# Puppy breath gone...garbage breath here



## milkmoney11 (Feb 11, 2010)

Cash is almost 5 months and in the last couple days his breath has went from being the cute puppy breath to pretty gross dog breath. Kind of like a mix between dog food and...well...&%#*. 

I have brushed his teeth the last 3 days (a chore in itself) and it doesn't seem to be helping so much. I don't know if he got into something and it will go away, or if he's got some food lodged somewhere I can't get to. 

Anyone have any good recommendations for bad dog breath?


----------



## ChristenHolden (Jan 16, 2010)

I never got to smell Bellas puppy breath, she's always had Dragon Breath. :crazy: but I do love the puppy breath it never ever lasts near lon enuff.


----------



## Cassidy's Mom (Mar 30, 2003)

He's probably teething. I wouldn't worry about it too much, once he's done (4-6 months) his breath should return to normal. Some dogs will eat poop, either their own or another dog's, but if you're sure that's not the culprit I'm sure it's probably just teething.


----------



## gunrunner (Jun 20, 2010)

You can get doggy chew toys that actually freshen their breath .


----------



## jakeandrenee (Apr 30, 2010)

jake's breath is yeasty smelling sometimes and we started teething...


----------



## Cassidy's Mom (Mar 30, 2003)

Cassidy's Mom said:


> ...once he's done (4-6 months) his breath should return to normal.

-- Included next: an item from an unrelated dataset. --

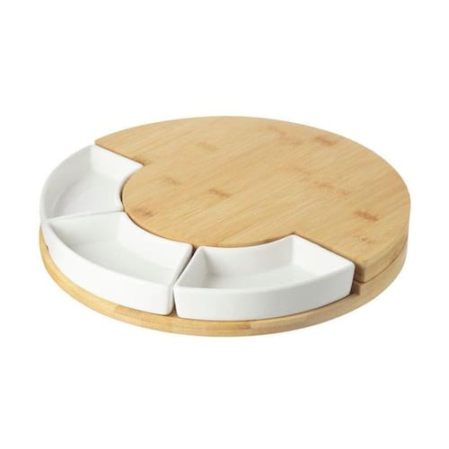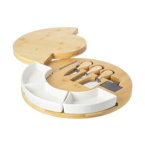 O jogo de petisqueira Home Style medindo 30,5 cm é produzida em madeira e acessórios em cerâmica, o jogo conta com 7 peças. São 3 facas para queijo com lâminas em metal e cabos em madeira.

Just wanted to clarify that teething usually happens between 4 and 6 months old - it kinda sounded like I meant that teething LASTS 4-6 months, lol! :wild:


----------



## JuliePgh (Aug 29, 2010)

My puppy was teething before her breath turned to dragon (or worse) breath. She's almost 5 months, and the bad breath arrived just a few days ago. Brushing hasn't helped. Any suggestions?


----------



## Dennq (Jun 21, 2010)

Could your dog food be the culprit. What are you feeding?


----------



## selzer (May 7, 2005)

Nothing like getting a big sloppy kiss from a puppy who just ate poo, or was digging for gold in the litter box. Haaack Tui!!!!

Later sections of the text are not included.